Aditya Mahara: Sensitive topic, right? So I think there's whole series of problems that will come with it, but there's whole series of opportunities that'll come with it too. Unfortunately with advent of any new technology, there will be a lot of issues, but one example I can think of where AI could be good in medicine is just vast amounts of data processing on the background.
Not in patient care, but in systematizing electronic records. Sometimes we have a lot of information in systems and electronic digital health records all over the country, all over the world right now, where it's very unstructured and currently it just sits on some server somewhere.
But with AI, there's a possibility to aggregate a story of patients' health throughout their lifetime. And if somebody's biomarkers are off by a little bit, maybe it goes unnoticed by people, but all of a sudden AI can make those judgments of pattern and all of a sudden you can predict cancer faster. That could be a benefit of AI in the future with earlier prediction of disease.
Joshua Doležal: I see – it's a both/and thing. Do you have any favorite sort of pop culture medical shows? Do you stay away from your profession when you're watching TV?

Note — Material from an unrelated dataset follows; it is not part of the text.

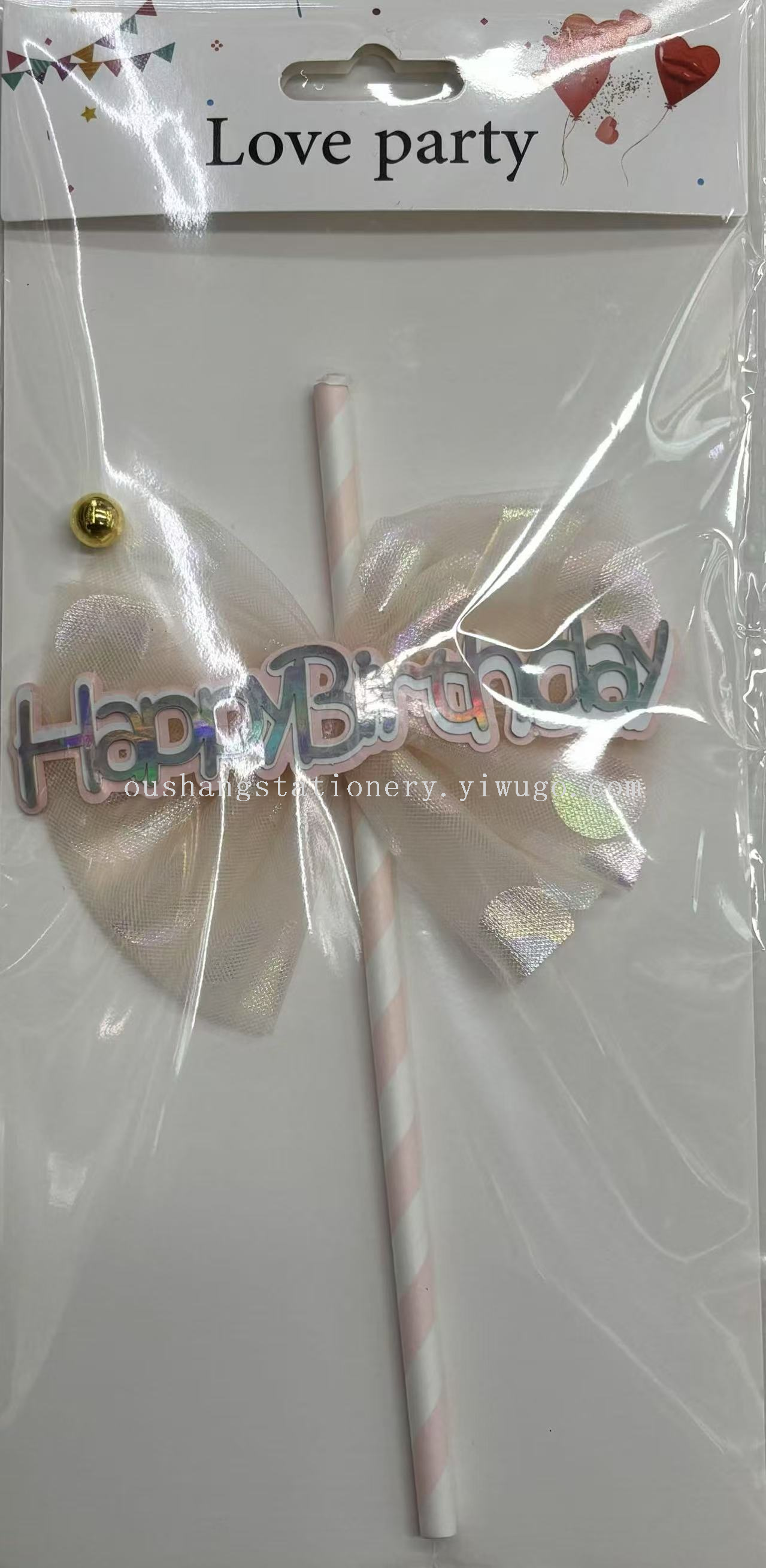 New Strawberry Bow Cake Flag for Cake Decorating

Aditya Mahara: No, I watch almost everything. One of my favorite shows, which I guess is not necessarily in the medical space, but is part of an academic turned evil is Breaking Bad. I love the show where you know, a chemist all of a sudden is in the drug world and all the things that come with it.

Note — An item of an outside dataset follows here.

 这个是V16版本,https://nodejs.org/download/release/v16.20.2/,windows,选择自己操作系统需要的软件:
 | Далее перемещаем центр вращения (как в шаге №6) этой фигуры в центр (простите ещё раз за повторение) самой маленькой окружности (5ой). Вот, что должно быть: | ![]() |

Joshua Doležal: I was just thinking with the AI thing, there's a show called New Amsterdam that's a bit of a drama slash romantic comedy. And there's an older doctor, Kapoor, who's a neurologist and in a series of episodes he is carrying this iPad with him. And the iPad is making diagnoses alongside him. And he is sometimes unable to refute the diagnosis. He's resentful of it because he's spent all these years absorbing knowledge and he feels he's very charming and that his charm is part of his ability to diagnose people. But there's a tension between artificial intelligence and the living doctor. Breaking Bad is another one of my favorites, partly because Walter White, he's a world class chemist, part of this team in grad school that developed some multimillion dollar technology. But he's a high school teacher and he is so thoroughly disrespected in his role that he resorts to this, and his cancer diagnosis means he has nothing left to lose.
Another example of the AI - human debate I think is an older show, House, M.D., where you have a brilliant diagnostician who is really anti-technology. I mean, he's sort of the embodiment of the crazy genius. I love Greg House as an example because so often when he has these breakthroughs and he solves these cases that are impossible, no one can figure out what's happening in these patients, he does it at some setting that has nothing to do with his work. He's good at diagnosis because he's so eccentric. So he's playing jazz guitar or he's at a monster truck rally, or he is, I don't know, doing some crazy thing like Sherlock Holmes smoking opium or something has nothing to do with the mystery that he's trying to solve. But that ability to be curious about the world without any need to have it end up solving anything – to just gather all of these points of data that could be freely associated together – that's something that AI still doesn't have in quite the same way as a character like House.
Aditya Mahara: As you said, it's a mix of the left and the right brain and AI probably is more quantitative only, whereas the emotion comes in. All of that is very intertwined.